• Kirill Smelkov's avatar
    Y wcfs: Fix and enhance `wcfs status` to be reliable · e542211d
    Kirill Smelkov authored
    Since wcfs beginning - since e3f2ee2d (wcfs: Initial implementation of
    basic filesystem) `wcfs status` was implemented as just join and
    reporting ok if that worked. That, however, turned out to be not robust
    because if wcfs is deadlocked, accessing any file on the filesystem,
    even a simple file as .wcfs/zurl might hang and so the status could
    hang as well. We see lots of such hung `wcfs status` processes on
    current deployment.
    
    More, it might be the case that wcfs is deadlocked in another way - e.g.
    on zheadMu, and then accessing .wcfs/zurl will work ok, but the system
    is not in a good shape while `wcfs status` missed to report that.
    
    -> Rework `wcfs status` completely to try accessing different files on
    the filesystem and doing so in cautious way so that if wcfs is in
    problematic state `wcfs status` won't get hung and will report the
    details about wcfs server and also about filesystem clients: which files
    are kept open, and what is in-kernel traceback of the server and the
    clients in case wcfs is hung.
    
    Please see comments in the added status function for details.
    
    An example of "good" status output when everything is ok:
    
        (neo) (z-dev) (g.env) kirr@deca:~/src/neo/src/lab.nexedi.com/nexedi/wendelin.core$ wcfs status  file://D/1.fs
        INFO 1204 17:04:40.154  325432 __init__.py:506] wcfs: status file://D/1.fs ...
        ok - mount entry: /dev/shm/wcfs/fccdb94842958d09c69261970b8037b0e5510fb8  (0:39)

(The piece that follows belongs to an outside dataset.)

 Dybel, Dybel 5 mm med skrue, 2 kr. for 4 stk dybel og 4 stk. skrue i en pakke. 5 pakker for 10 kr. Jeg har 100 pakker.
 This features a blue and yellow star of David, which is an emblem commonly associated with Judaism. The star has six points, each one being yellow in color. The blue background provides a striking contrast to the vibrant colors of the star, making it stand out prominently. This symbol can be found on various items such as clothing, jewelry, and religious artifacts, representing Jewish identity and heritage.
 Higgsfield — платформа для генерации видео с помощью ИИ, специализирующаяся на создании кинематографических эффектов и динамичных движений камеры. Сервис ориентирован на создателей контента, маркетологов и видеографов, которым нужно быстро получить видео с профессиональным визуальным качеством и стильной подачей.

        ok - wcfs server: pid325414 kirr wcfs
        ok - stat mountpoint
        ok - read .wcfs/zurl
        ok - read .wcfs/stats
    
    And example of "bad" status output when wcfs was simulated to be
    seen in deadlocked state by trying to read from .wcfs/debug/zhead
    instead of .wcfs/stats:
    
        root@deca:/home/kirr/src/neo/src/lab.nexedi.com/nexedi/wendelin.core# wcfs status file://D/1.fs
        INFO 1204 17:21:04.145  325658 __init__.py:506] wcfs: status file://D/1.fs ...
        ok - mount entry: /dev/shm/wcfs/fccdb94842958d09c69261970b8037b0e5510fb8  (0:39)

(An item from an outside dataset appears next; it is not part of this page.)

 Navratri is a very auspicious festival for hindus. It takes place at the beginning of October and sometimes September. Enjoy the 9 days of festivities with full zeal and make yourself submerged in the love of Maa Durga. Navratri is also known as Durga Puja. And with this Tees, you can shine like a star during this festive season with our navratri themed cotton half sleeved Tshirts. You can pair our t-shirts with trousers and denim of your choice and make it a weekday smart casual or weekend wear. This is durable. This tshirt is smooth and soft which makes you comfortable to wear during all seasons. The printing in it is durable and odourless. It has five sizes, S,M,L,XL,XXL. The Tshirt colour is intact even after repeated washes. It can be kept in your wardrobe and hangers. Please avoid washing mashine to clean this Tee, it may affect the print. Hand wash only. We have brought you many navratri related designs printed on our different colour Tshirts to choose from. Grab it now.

        ok - wcfs server: pid325414 kirr wcfs
        ok - stat mountpoint
        ok - read .wcfs/zurl
        fail - read .wcfs/stats: timed out (wcfs might be stuck)
    
        wcfs ktraceback:
        pid325414 kirr wcfs
        tid325414 kirr wcfs
        [<0>] fuse_dev_do_read+0xa29/0xa50 [fuse]
        [<0>] fuse_dev_read+0x79/0xb0 [fuse]
        [<0>] vfs_read+0x239/0x310
        [<0>] ksys_read+0x6b/0xf0
        [<0>] do_syscall_64+0x58/0xc0
        [<0>] entry_SYSCALL_64_after_hwframe+0x64/0xce
    
        tid325418 kirr wcfs
        [<0>] hrtimer_nanosleep+0xc7/0x1b0
        [<0>] __x64_sys_nanosleep+0xbe/0xf0
        [<0>] do_syscall_64+0x58/0xc0
        [<0>] entry_SYSCALL_64_after_hwframe+0x64/0xce
    
        tid325419 kirr wcfs
        [<0>] fuse_dev_do_read+0xa29/0xa50 [fuse]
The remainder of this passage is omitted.